- Your task: Reproduce exactly, with no pictures, each line from the opening of the material down through the line containing "Baby Infant Girls".

(Beginning of Given data)

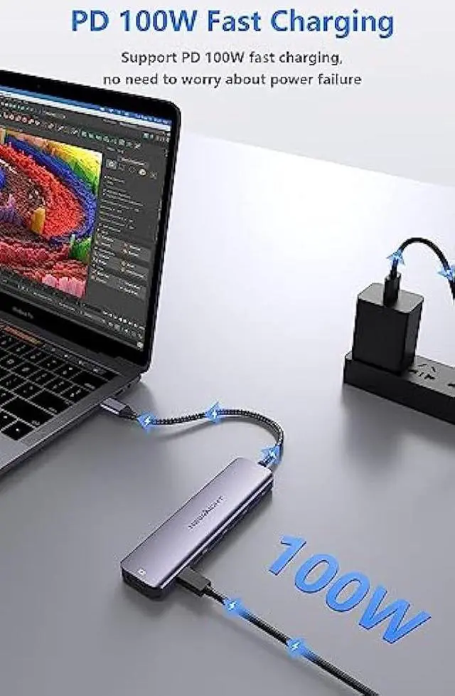 100W Pass-Through Charging Compatible with USB-C Power Delivery, can pass up to 100W power. You can charge and play at the same time. No more worrying about low battery when multitasking using the USB C Dongle. The actual charging rate may vary depending on device, cable & charger used.
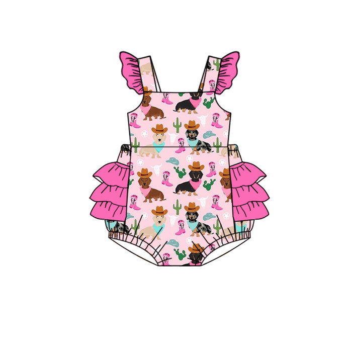 Baby Infant Girls Western Dogs Ruffles Buttons Rompers Preorder(moq 5)
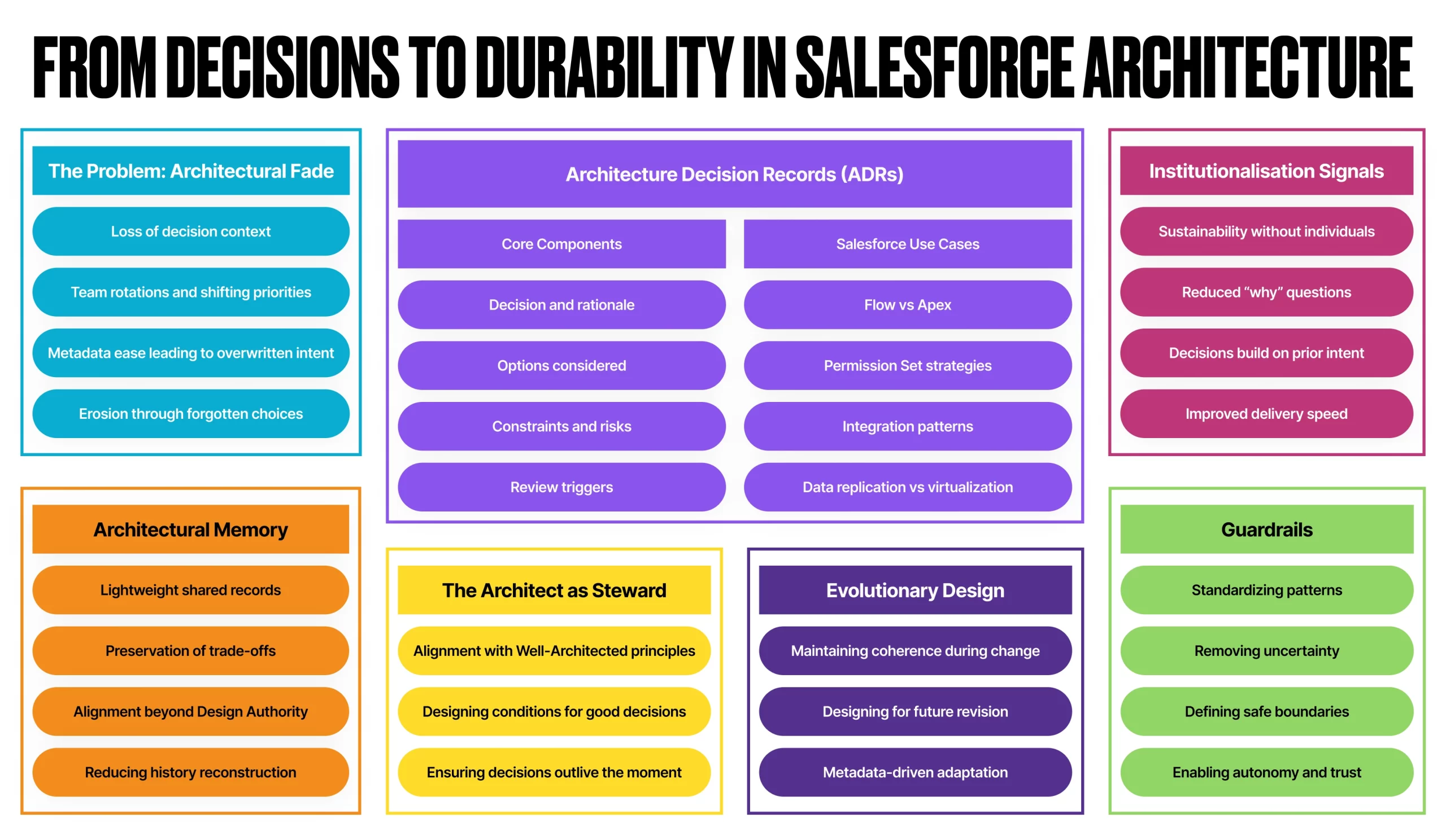 Salesforce evolves continuously: new features, new clouds, new integration patterns. Architecture that assumes stability will eventually break. Architecture that assumes change, and designs for it explicitly, can evolve without reintroducing fragmentation or drift.
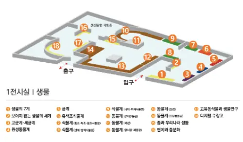 한반도에 살고 있는 다양한 생물을 생물분류학에 따른 일곱 개 무리로 구분하여 순서대로 전시하였습니다.
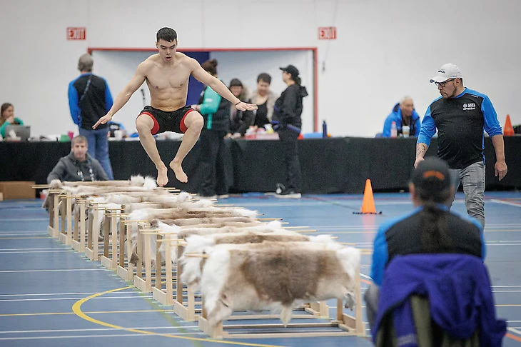 Некоторые дисциплины похожи на привычные нам занятия по ОФП. Например, прыжки через санки. На дистанции устанавливают десять небольших саней, между ними – меньше полуметра. Спортсмен перепрыгивает каждые санки, после десятых – разворачивается и продолжает движение. Задача – перепрыгнуть как можно больше саней, не упав и не коснувшись их. Иногда ошибку приходится ждать ну ооочень долго. Например, в 2006-м участник арктических игр перепрыгнул 830 саней.
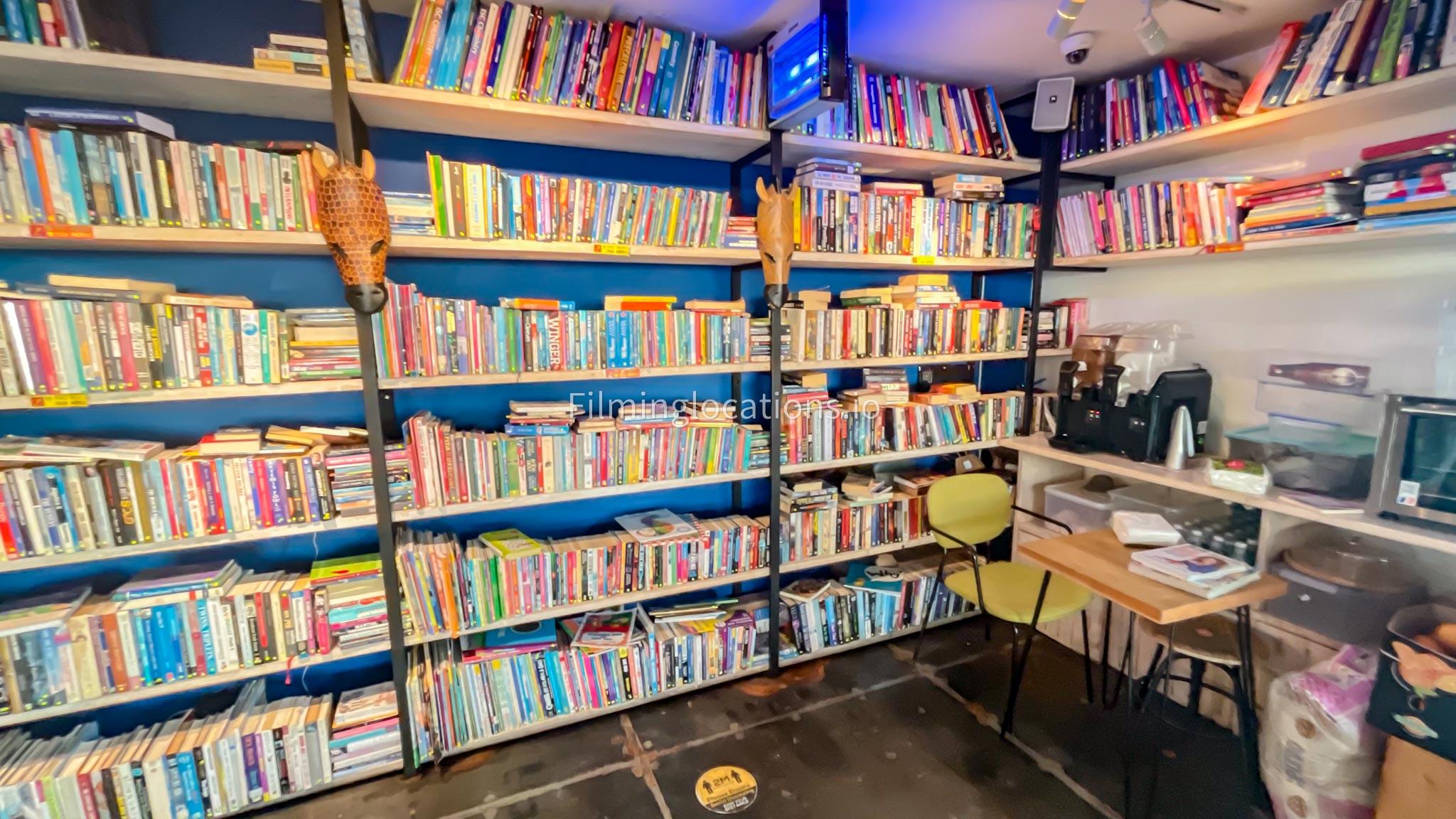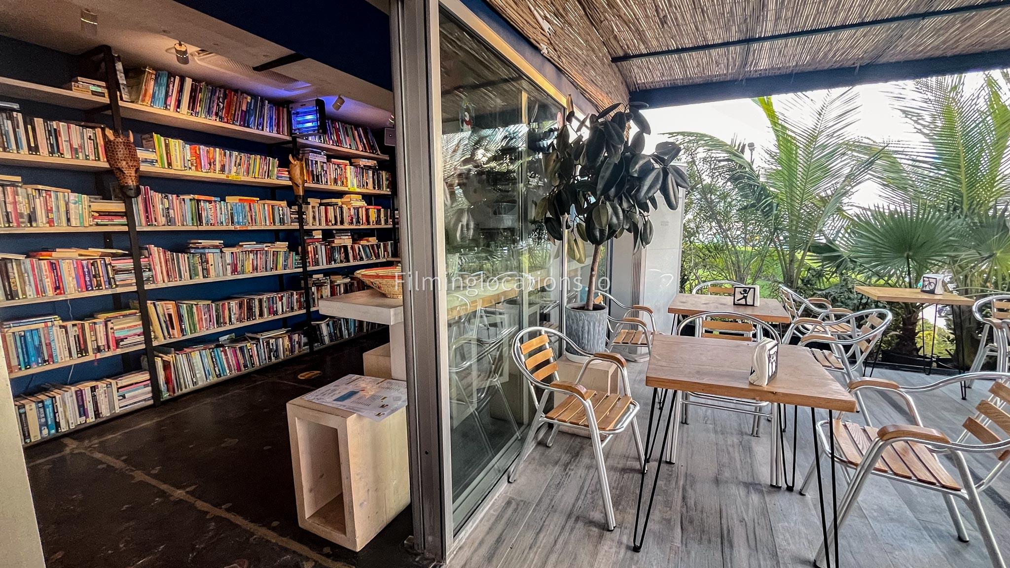 Our café boasts an inviting outdoor space with charming furnishings, while indoors, it offers a cozy atmosphere with shelves stocked full of books. Surrounded by greenery, it provides filmmakers with picturesque settings for their scenes.
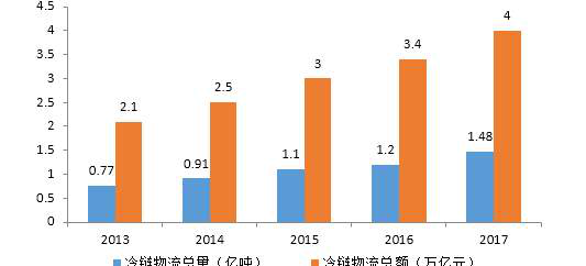 圖2 2013-2017年全國(guó)冷鏈物流總量和冷鏈物流總額增長(zhǎng)變化圖
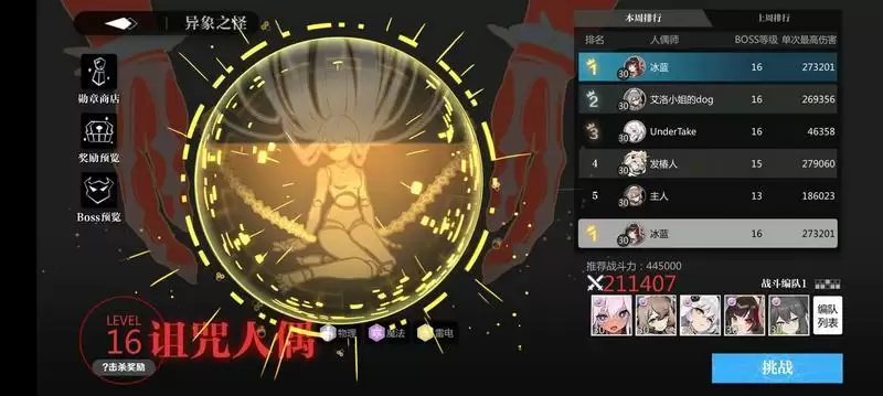 欧若拉开大后王女在充电宝的帮助下连续给两个回音,闪电20连鞭预计可以在破盾的两回合内打出40W+的恐怖输出,而16层的BOSS也不过30W不到的血量。
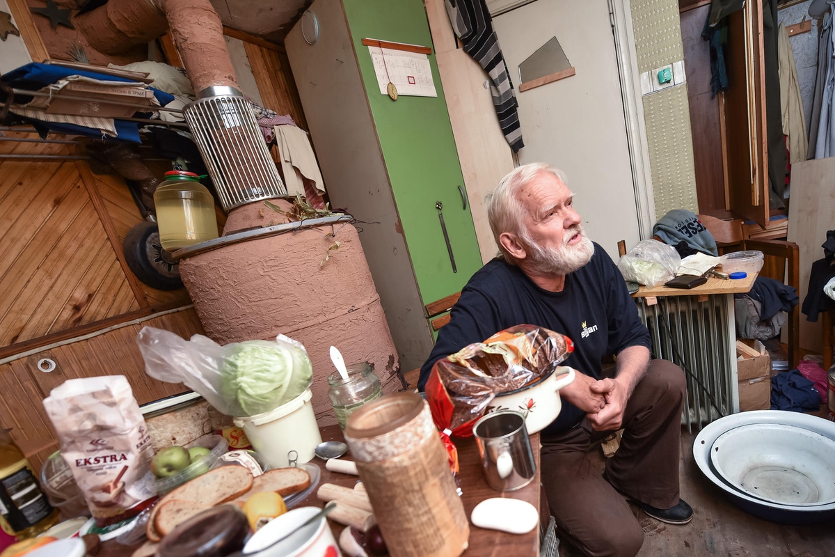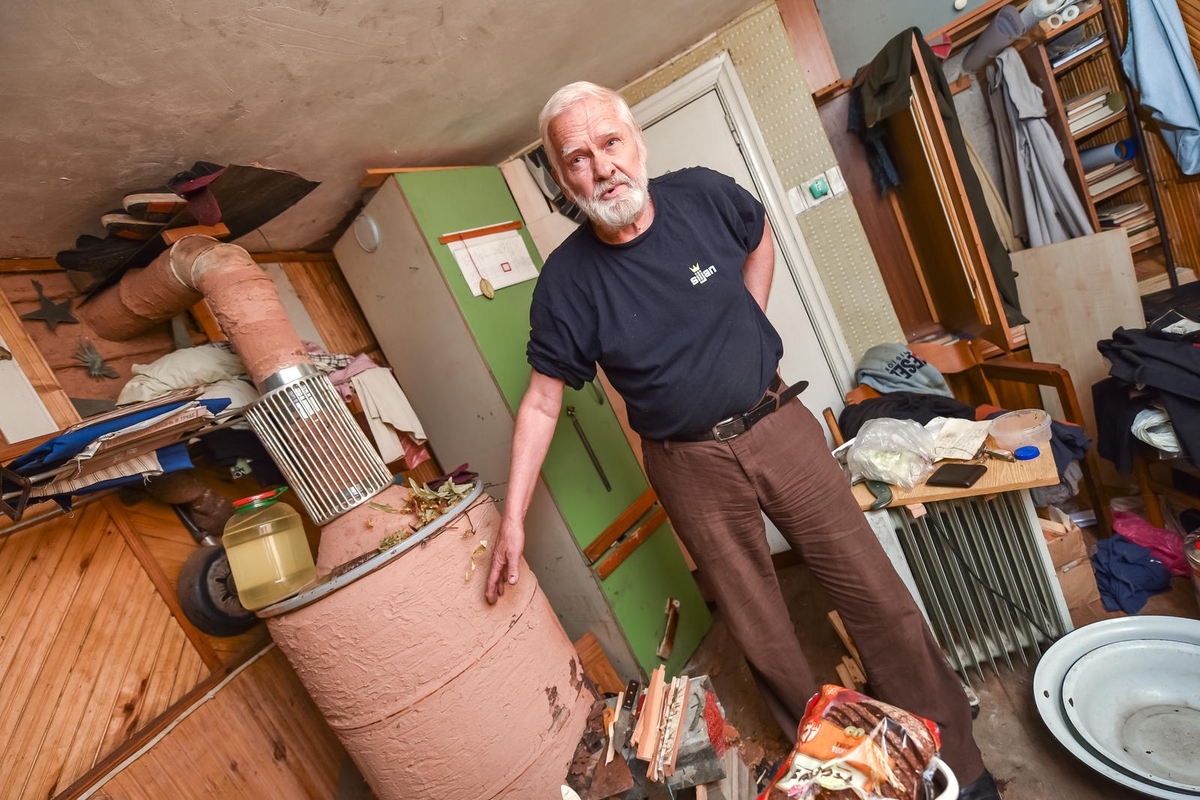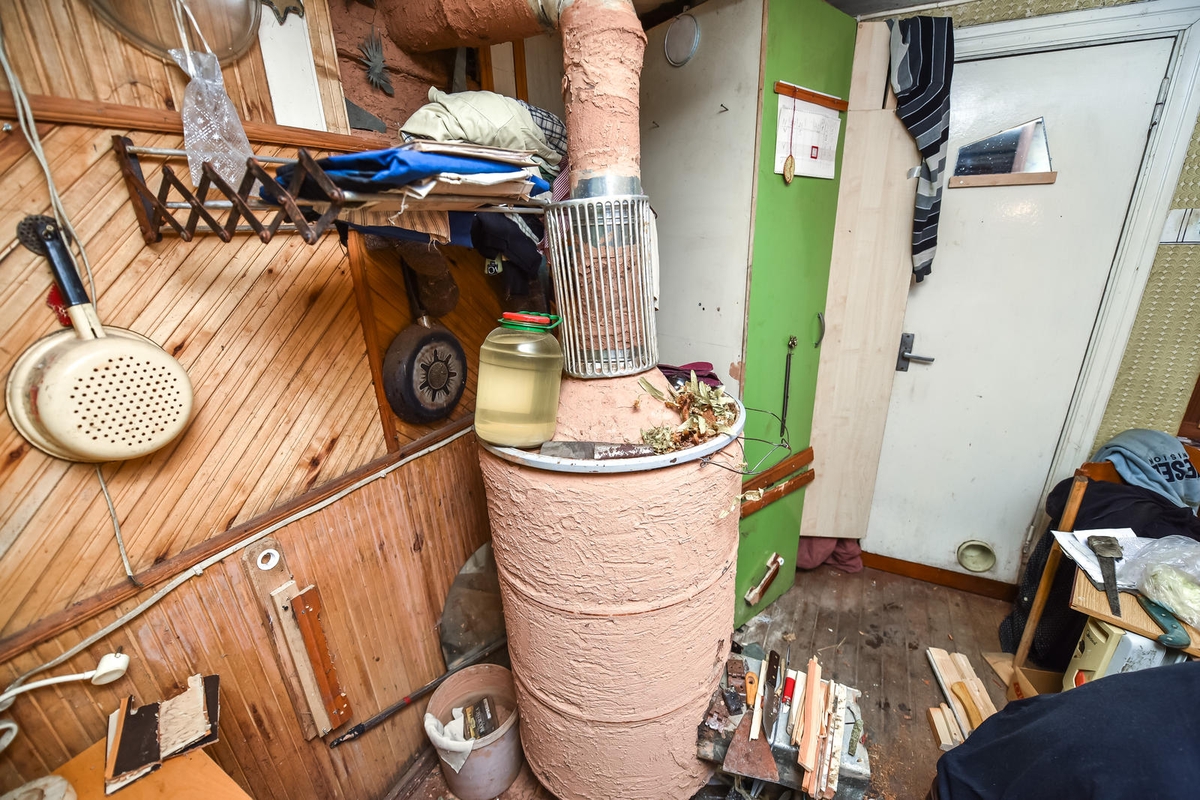 Jis pasakojo šiame rūsyje gyvenąs jau 25 metus. Ankstesnė jo krosnis sukiužo, tad meistrai ją visai išgriovė. Tuomet jis pasistatė savos gamybos šildytuvą.

(End of Given data)

- Solution below:
 100W Pass-Through Charging Compatible with USB-C Power Delivery, can pass up to 100W power. You can charge and play at the same time. No more worrying about low battery when multitasking using the USB C Dongle. The actual charging rate may vary depending on device, cable & charger used.
 Baby Infant Girls Western Dogs Ruffles Buttons Rompers Preorder(moq 5)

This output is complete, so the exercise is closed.